Dynamic and Mechanical Role of Spectrin in Membrane-Cytoskeleton Interplay

The spectrin-based membrane skeleton is a major component of the cell cortex. While expressed by all metazoans, its dynamic interactions with the other cortex components, including the plasma membrane or the acto-myosin cytoskeleton, are poorly understood. Here, I investigated how spectrin re-organizes spatially and dynamically under the membrane during changes in cell mechanics. We found spectrin and acto-myosin to be spatially distinct but cooperating during mechanical challenges, such as cell adhesion and contraction, or compression, stretch and osmolarity fluctuations, creating a cohesive cortex supporting the plasma membrane. Actin territories control protrusions and contractile structures while spectrin territories concentrate in retractile zones and low-actin density/inter-contractile regions, acting as a fence that organize membrane trafficking events.

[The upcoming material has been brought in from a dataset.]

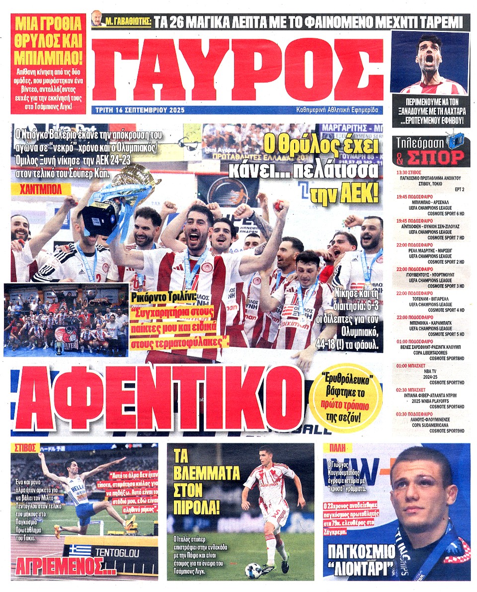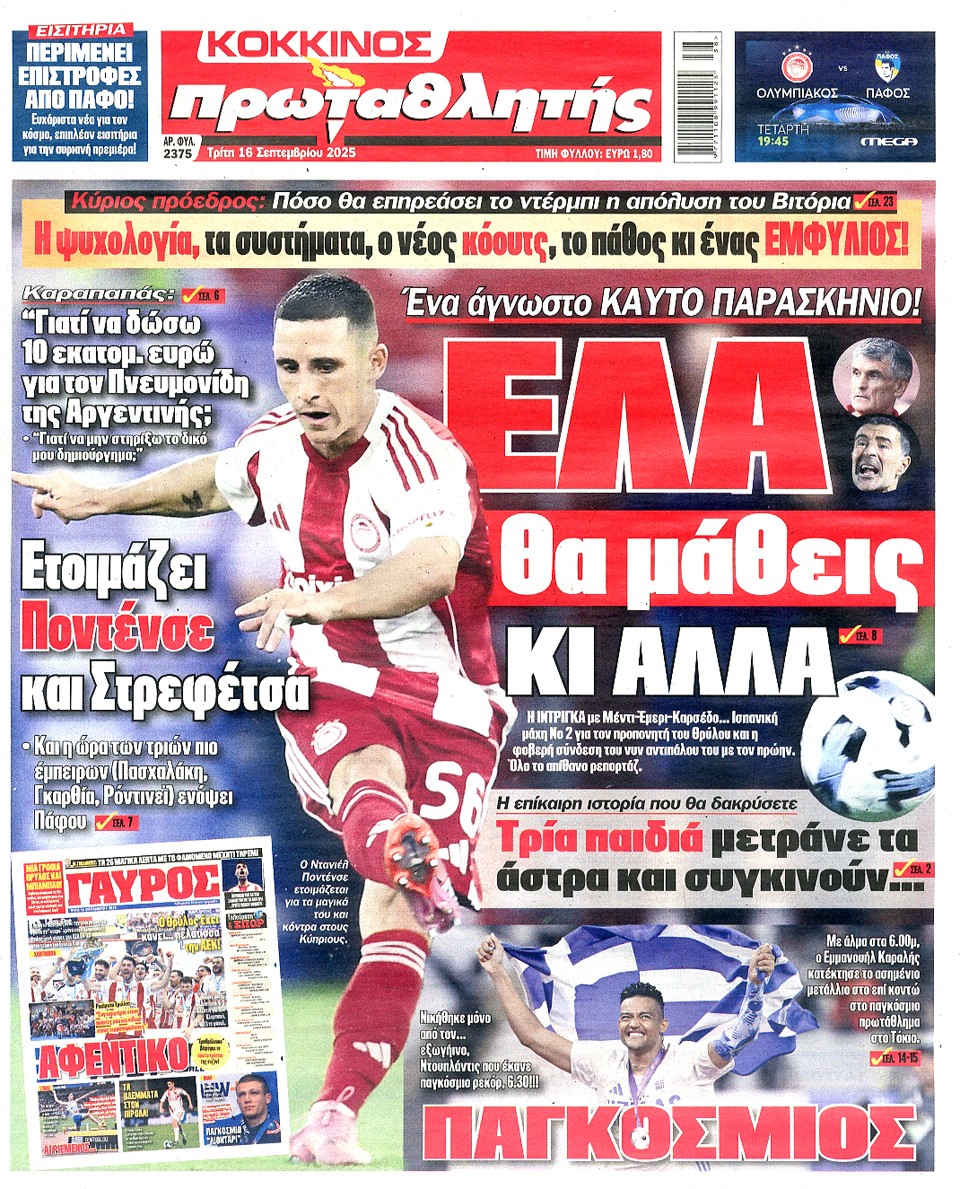 ΠΡΩΤΑΘΛΗΤΗΣ - 16 Σεπτεμβρίου 2025

During MECHANOSPECTRIN, I unveiled the existence of a dynamic interplay between acto-myosin and spectrin necessary to support a mesoscale organization of the lipid bilayer into spatially-confined cortical territories during cell mechanoresponse.

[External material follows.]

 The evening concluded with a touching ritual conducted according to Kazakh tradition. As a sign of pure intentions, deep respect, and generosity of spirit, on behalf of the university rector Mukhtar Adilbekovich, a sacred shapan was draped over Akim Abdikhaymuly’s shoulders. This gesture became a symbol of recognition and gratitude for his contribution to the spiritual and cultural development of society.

This line of research contributes to open new directions in the fields of morphodynamic regulation of cell shape and cell matrix interactions. Thus, it might lead to the identification of novel molecular target for cell signalling mechanisms linked to mechanoresponse during tissue/organ development or pathophysiological conditions with altered cell/tissue morphogenesis.

The results of MECHANOSPECTRIN show that, despite its well-known organization in erythrocytes and neurons, the spectrin-based membrane skeleton displays a remarkable complementarity with the actin cytoskeleton in mammalian cells of different origins. The project provided in-depth investigation of live specimens at high spatio-temporal resolution, while most of previous knowledge is extrapolated from ex-vivo analysis. For this purpose, the project made use of custom-developed devices: the cell stretching and cell compression devices were indeed patented previously by MSCA-IF grantee Dr. Qingsen Li at IFOM and were successfully applied to address these relevant mechanobiological questions. Moreover, spectrin organizations have been resolved by an innovative approach (Expansion Microscopy) that was fostered during a training visit at HHMI-Janelia Advanced Imaging Center. Briefly, spectrin is able to adopt a dual conformation in structural cells (i.e. fibroblasts): an erythroid-like triangular organization and a neuron-like periodic patter. Intriguingly, these two distinct conformations can co-exist within the same cell. In live specimens it was not possible to achieve this level of resolution, but spectrin condensation in response to either intrinsic or extrinsic mechanical stimuli suggested a functional relevance of the two conformations that depended on subcellular localization. Ultimately, mechanical stress within the spectrin meshwork was measured by a FRET-based tension sensor in response to osmolarity fluctuations. These measurements were complemented by the application of a membrane tension probe instead of the proposed optical tweezer-based assay, which represent the only deviation from the initial proposal. The results and developed novel techniques have been disseminated at various conferences and workshops, including public and scientific communication initiatives.

MECHANOSPECTRIN has achieved most of its objectives. Despite being a well-known player in cell mechanoprotection, particularly in erythrocytes and neurons, we found a novel role of spectrin in complementing acto-myosin cytoskeleton dynamics as well as organizing key membrane trafficking events. A manuscript describing these novelties has been submitted in a peer-reviewed journal (second revision). The spectrin-based membrane skeleton has been implicated in many pathophysiological conditions. The dynamic interplay with actin newly described by MECHANOSPECTRIN, shed lights on the mechano-dependent mechanisms potentially leading to such conditions. Beyond that, the original and innovative techniques designed for the project will be highly valuable to fulfil future scientific tasks aimed at describing regulation of cell shape and dynamic interactions between complementary molecular scaffolds.